Hmmmm, the profile on GPU looks fine. Maybe a little initialization overhead that we could get rid of, but otherwise very reasonable. So that means the overhead is on the host CPU, which kokkos-tools won’t pick up. So you need to profile the host CPU. I typically use gprof by compiling with -pg but maybe there is a better tool for Intel, not sure.

rarensu · January 23, 2025, 3:37pm

Notes from Kokkos Slack about atom sorting.

Daniel Arndt Dec 18th, 2024 at 1:26 AM
I’m still not quite sure why the host fallback is used. This should only happen if the View is not contiguous for the SYCL backend.

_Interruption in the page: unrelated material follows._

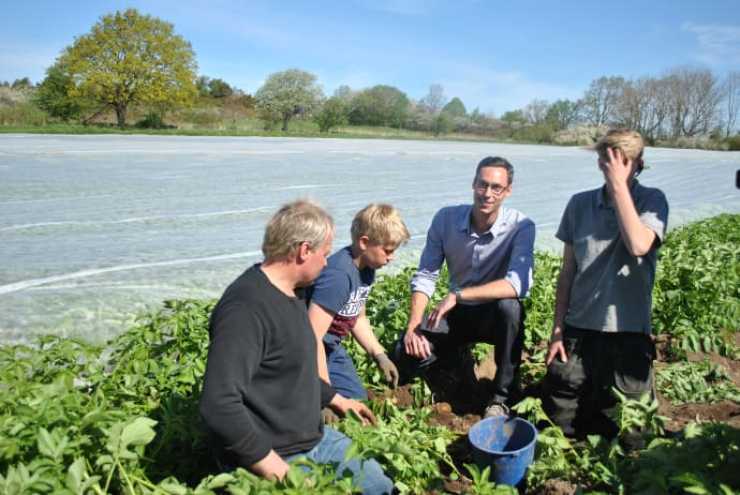 Potatisodlare Arnold, Jesper och Pontus Ebbesson tillsammans med Lidls inköpsansvarig frukt och grönt Peter Reisenzein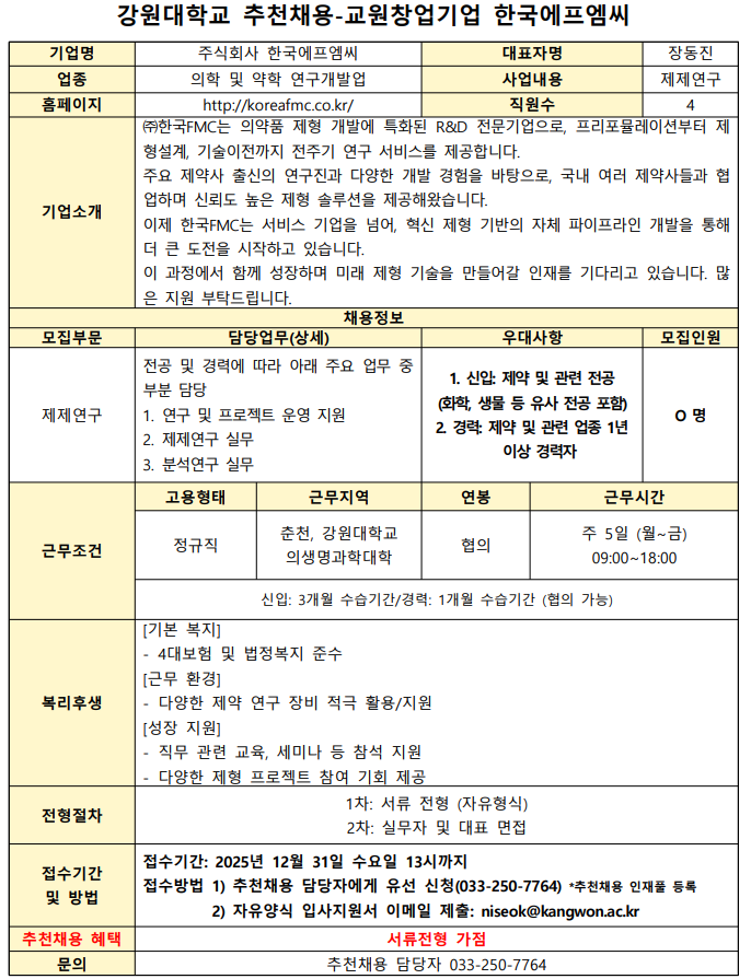 [공지] (주) 한국 FMC 추천채용 안내 (12/31 수요일 13시까지)

In any case, oneDPL: Sort on device using Kokkos::RandomAccessIterator by masterleinad · Pull Request #7502 · kokkos/kokkos · GitHub should make the behavior uniform with the Cuda and HIP but requires a oneDPL version that isn’t contained in the latest oneAPI release.

Daniel Arndt Jan 8th at 2:53 PM
The issue was fixed in Make kernel names unique in radix sort by dmitriy-sobolev · Pull Request #1927 · uxlfoundation/oneDPL · GitHub which is merged into main and part of the latest oneAPI patch release 2025.0.1 (but won’t get detected for that patch release because they missed updating version numbers so you really need main).

Notes from Kokkos Slack about atom masking.

Stan Moore Yesterday at 3:16 PM
This is the overhead due to parallel_reduce vs parallel_for

Stan Moore Yesterday at 3:28 PM
I added the perf regression fix here: Collected small changes and fixes by akohlmey · Pull Request #4440 · lammps/lammps · GitHub (edited)

With this fixes, modify time is now reasonable for Rhodopsin.

Loop time of 545.801 on 1 procs for 10000 steps with 512000 atoms

Performance: 3.166 ns/day, 7.581 hours/ns, 18.322 timesteps/s, 9.381 Matom-step/s
92.0% CPU use with 1 MPI tasks x 1 OpenMP threads

MPI task timing breakdown:
Section |  min time  |  avg time  |  max time  |%varavg| %total
---------------------------------------------------------------
Pair    | 321.88     | 321.88     | 321.88     |   0.0 | 58.97
Bond    | 18.84      | 18.84      | 18.84      |   0.0 |  3.45
Kspace  | 94.211     | 94.211     | 94.211     |   0.0 | 17.26
Neigh   | 47.806     | 47.806     | 47.806     |   0.0 |  8.76
Comm    | 8.4474     | 8.4474     | 8.4474     |   0.0 |  1.55
Output  | 0.04998    | 0.04998    | 0.04998    |   0.0 |  0.01
Modify  | 38.777     | 38.777     | 38.777     |   0.0 |  7.10
Other   |            | 15.79      |            |       |  2.89

For now, I think we should consider this thread as Resolved.